ご近所組と合流した後も気持ちは晴れなかった。
彼が、「ご近所組の中に怪しい人がいる」と告げたからだ。
昨日の話しぶりから推測するに、彼は他人の思惑が手に取るように分かるのではないだろうか。
だが思い通りに動かすほどには至らないと思う。
だから、彼が嘘を言うメリットはないと思う。
推測だらけではあるが、僕はあのときのセリフを信じたい。
「ねえちょっとコウスケ」
「ん? 夜久? どうかした?」
彼女は頬杖をついた。
僕、なにか怒られることしたっけ。
「どうかした、じゃないわ。心ここにあらずって感じね? まさかこいつのせい?」
彼女はAを指差して、2カ所も図星をついてきた。
前半はともかく後半はなぜわかった?
「夜久~なんでボクのせいなのさ」
「じゃあ暇柱と企んだの?」
「いや僕関係ないし!」
暇柱も容疑者に上がっていることから踏まえて、彼女は当てずっぽうにAを指名したみたいだ。
「コウスケくん、昨日なにかあったの? 助けになってもらったから、コウスケくんが困ったことあれば相談に乗るよ」
とAnneが覗き込んできた。
彼女は心配性だから尚更気になるのだろう。
「おう、俺も協力は惜しまない」
レタスを頬張りながら中佐さんも言葉をかけてくれた。
「2人ともありがとうございます。

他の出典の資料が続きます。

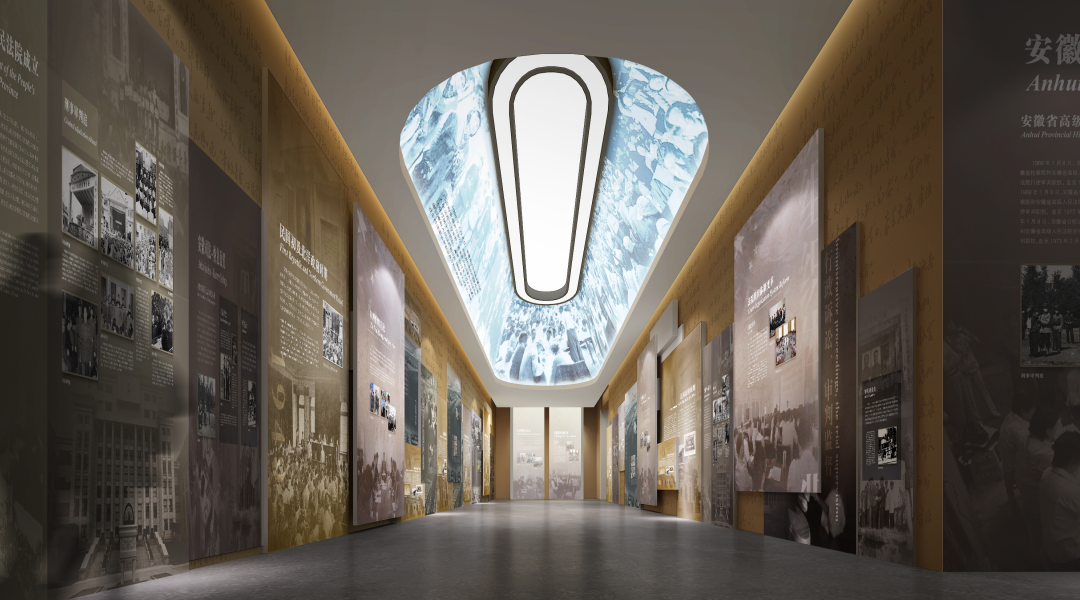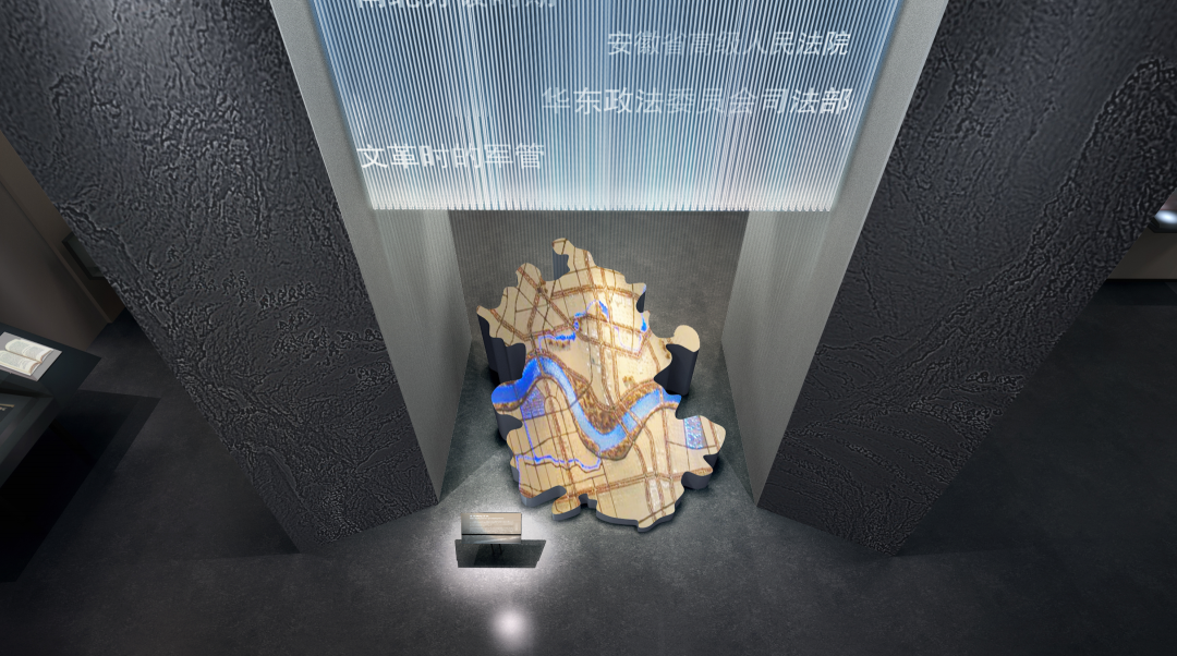 法院文化建设这一空间进深较长,因此,在空间的限定因素上我们将空间分为上下两部分,以打破空间的狭长感。书信手稿墙面设计将内容加以提炼,与顶面的氛围营造相呼应。

別に大したことではありませんので」
一瞬、元凶と目が合った。
桜流しのような満面の笑みだった。
酷いよね、そういうところ。
1人になったら、それはそれで、彼女のことが頭から離れなかった。
彼女とあの日あそこにいなかったら。
彼女は死ななかった。
僕も下半身不随に陥ることはなく、自動的に召喚されることもなかった。
他国で自分の命の心配をすることもなかった。
修復不可能に近いほど両親と傷つけ合わなかった。
あの幸せな日常が続いていた。
たらればの話だ。
意味がないことは分かっている。
それでも。
事故ったときに悶々と考えたことを、蒸し返さずにはいられない。
彼女に会いたい。
「しょうがないですねえ、先輩は」って困った顔で慰めてほしい。
申し訳ないよ。不甲斐ないよ。
こんなのが君の彼氏だなんて、思い上がりも甚だしいだろう。
お願いだ。一生のお願いだ。
僕の前に姿を現してくれ。
君は、根拠もなく安心させてくれるから。
あの日から4日がすぎた。
何度も目を逸らしてきたが、もう向き合うべき頃合いだ。
いくらご近所組のメンバーが怪しいと言っても心配させすぎている。
1週間の猶予も半分をきった。
そろそろ考えるべきだ。
今日は寝ずに、あのテラスで。
23時。就寝時間より1時間が経過した。
ドアをそーっと開けて周りを見渡す。
光がないことを確かめて件のテラスへ向かおうとするが、がちゃんと音を立ててしまった。
思わず口元を押さえた。
幸い誰も気づいていないようだ。
胸を撫で下ろした。
23時15分頃。テラスに現着。
今回は正真正銘誰もいなかった。
ここにきて曇っているなんて空とまるで通じ合っているかのようだ。
まずここでの目的をおさらいする。
僕は元の世界に帰りたい。
最愛の人__はもういなくなってしまったが、かけがえのない人がいないわけではないからだ。
そして帰ることになれば足が治る可能性だってある。
だからできるだけ、謎文書Xやビフテキくんのバックグラウンドに踏み入ることは避けたい。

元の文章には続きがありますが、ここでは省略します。